Entertainment Weekly compared the film's advancement in visual effects to that of The Matrix, stating that it had "the neatest computer-generated background work since Keanu Reeves did the backstroke in slow motion". They elaborate by describing how the characters moved seamlessly through the backgrounds themselves, giving the film a unique three-dimensional feel that far surpassed the quality of previous live-action attempts. Roger Ebert gave the film his highest rating of four stars, and he had similar comments about the film, describing it as representing "another attempt by Disney to push the envelope of animation", with scenes that "move through space with a freedom undreamed of in older animated films, and unattainable by any live-action process". Awarding the film three stars, James Berardinelli wrote: "From a purely visual standpoint, this may be the most impressive of all of Disney's traditionally animated features. The backdrops are lush, the characters are well realized, and the action sequences are dizzying, with frequent changes of perspectives and camera angles. No conventional animated film has been this ambitious before." Desson Howe, writing for The Washington Post, claimed the film "isn't up there with Aladdin, The Lion King and The Little Mermaid, but it's easily above the riffraff ranks of Hercules and Pocahontas". Todd McCarthy of Variety proved to be less amused by the animation, claiming it was "richly detailed and colorfully conceived, but the computer animation and graphics are often intermingled and combined in ways that are more distracting in their differences than helpful in their vividness".

Lisa Schwarzbaum, who graded the film an A−, applauded the film as "a thrilling saga about a natural man, untainted by the complications of 'civilized' life, who can anticipate changes in the air by sniffing the wind — swings because the Disney team, having sniffed the wind, went out on a limb and kept things simple". Peter Stack of the San Francisco Chronicle admired the film for tackling "meanings of family relationships and ideas about society, guardianship and compassion" and "cunning and greed and the ultimate evil", as well as remaining faithful to Burroughs's original novel.

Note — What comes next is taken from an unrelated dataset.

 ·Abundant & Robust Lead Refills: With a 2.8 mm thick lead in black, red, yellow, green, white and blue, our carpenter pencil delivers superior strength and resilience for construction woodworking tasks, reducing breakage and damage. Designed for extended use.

Kenneth Turan of Los Angeles Times wrote that the "story unfolds with dangers as well as warm humor; a jungle jam session called 'Trashin' the Camp' is especially hard to resist. We may have seen it all before, but when it's done up like this, experiencing it all over again is a pleasure." Janet Maslin, reviewing for The New York Times, similarly opined that "Tarzan initially looks and sounds like more of the same, to the point where Phil Collins is singing the words 'trust your heart' by the third line of his opening song. But it proves to be one of the more exotic blooms in the Disney hothouse, what with voluptuous flora, hordes of fauna, charming characters and excitingly kinetic animation that gracefully incorporates computer-generated motion."

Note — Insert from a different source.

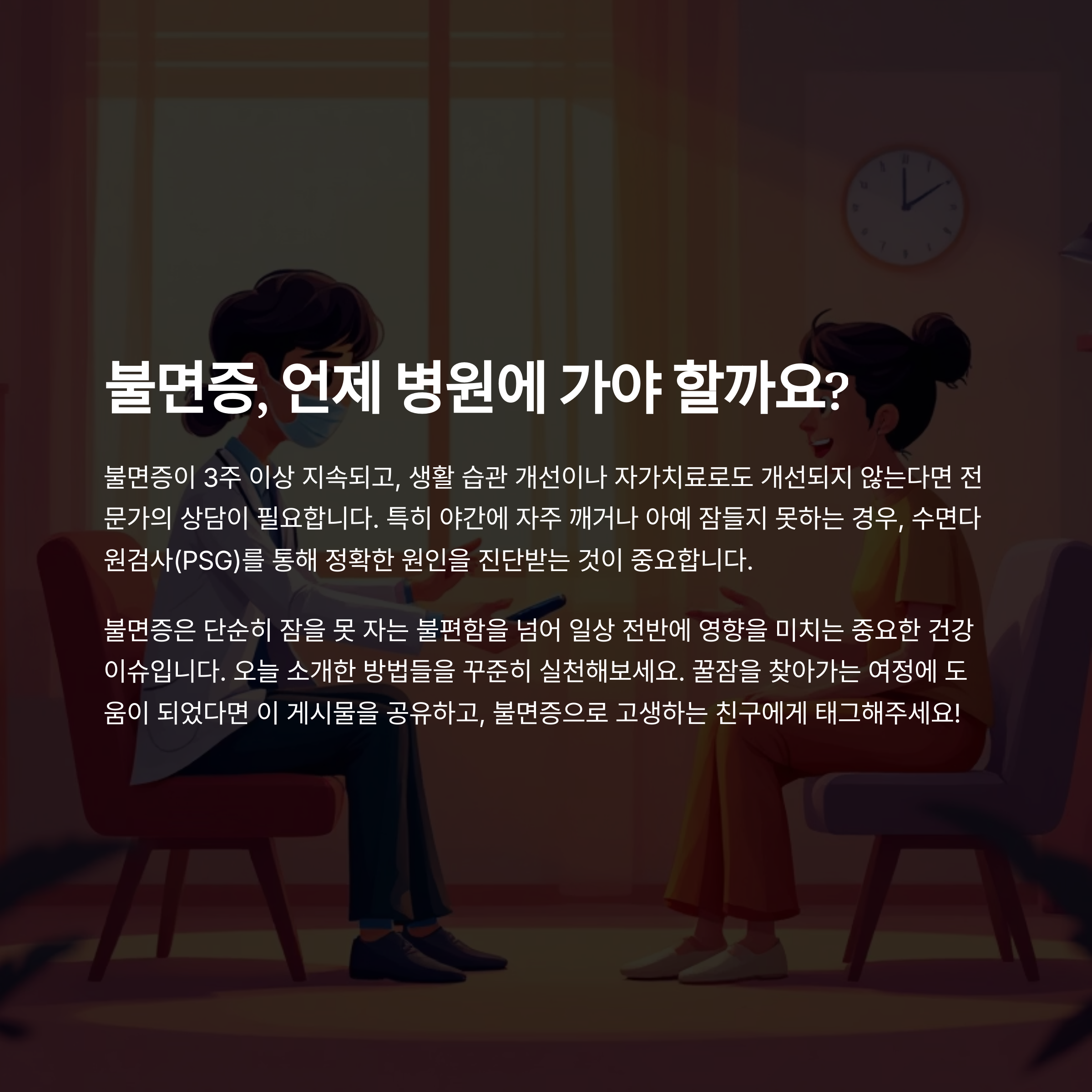 불면증이 3주 이상 지속되고, 생활 습관 개선이나 자가치료로도 개선되지 않는다면 반드시 전문가의 상담이 필요합니다. 특히 야간에 자주 깨거나 아예 잠들지 못하는 경우, 그 원인을 정확히 진단받는 것이 중요합니다.

The Radio Times review was not positive, stating the film "falls way short of Disney's best output" and featured "weak comic relief". The review concluded, "Lacking the epic sweep of Mulan or The Lion King, and laced with feeble background songs from Phil Collins (inexplicably awarded an Oscar), this King of the Swingers may be merchandise-friendly, but it's no jungle VIP." Michael Wilmington of the Chicago Tribune, while giving the film three stars, wrote that Tarzan "lacks that special pizazz that the string of Disney cartoon features from The Little Mermaid through The Lion King all had". He found faults in the film's removal of all African characters, lack of romantic tension between Tarzan and Jane, and the songs by Phil Collins, comparing them unfavorably with Elton John's "showstoppers" for The Lion King. He wrote "depriving the characters of big numbers weakens the movie".

Ty Burr of Entertainment Weekly gave the soundtrack a B−, stating that it was awkwardly split between Collins's songs and the traditional score, was burdened by too many alternate versions of the tracks, and in some instances bore similarities to the scores of The Lion King and Star Wars.

Accolades

The film is recognized by American Film Institute in these lists:
 2004: AFI's 100 Years...100 Songs:
 "You'll Be in My Heart" – Nominated
 2008: AFI's 10 Top 10:
 Nominated Animation Film

Adaptations

A spin-off animated series, The Legend of Tarzan, ran from 2001 to 2003. The series picks up where the film left off, with Tarzan adjusting to his new role as leader of the apes following Kerchak's death, and Jane (whom he has since married) adjusting to life in the jungle. In July 1999, Disney announced that they were planning a sequel for Tarzan. In 2002, Tarzan & Jane was released as a direct-to-video sequel, with Michael T. Weiss replacing Goldwyn as the voice of Tarzan. Tarzan II, a direct-to-video follow-up, was released in 2005.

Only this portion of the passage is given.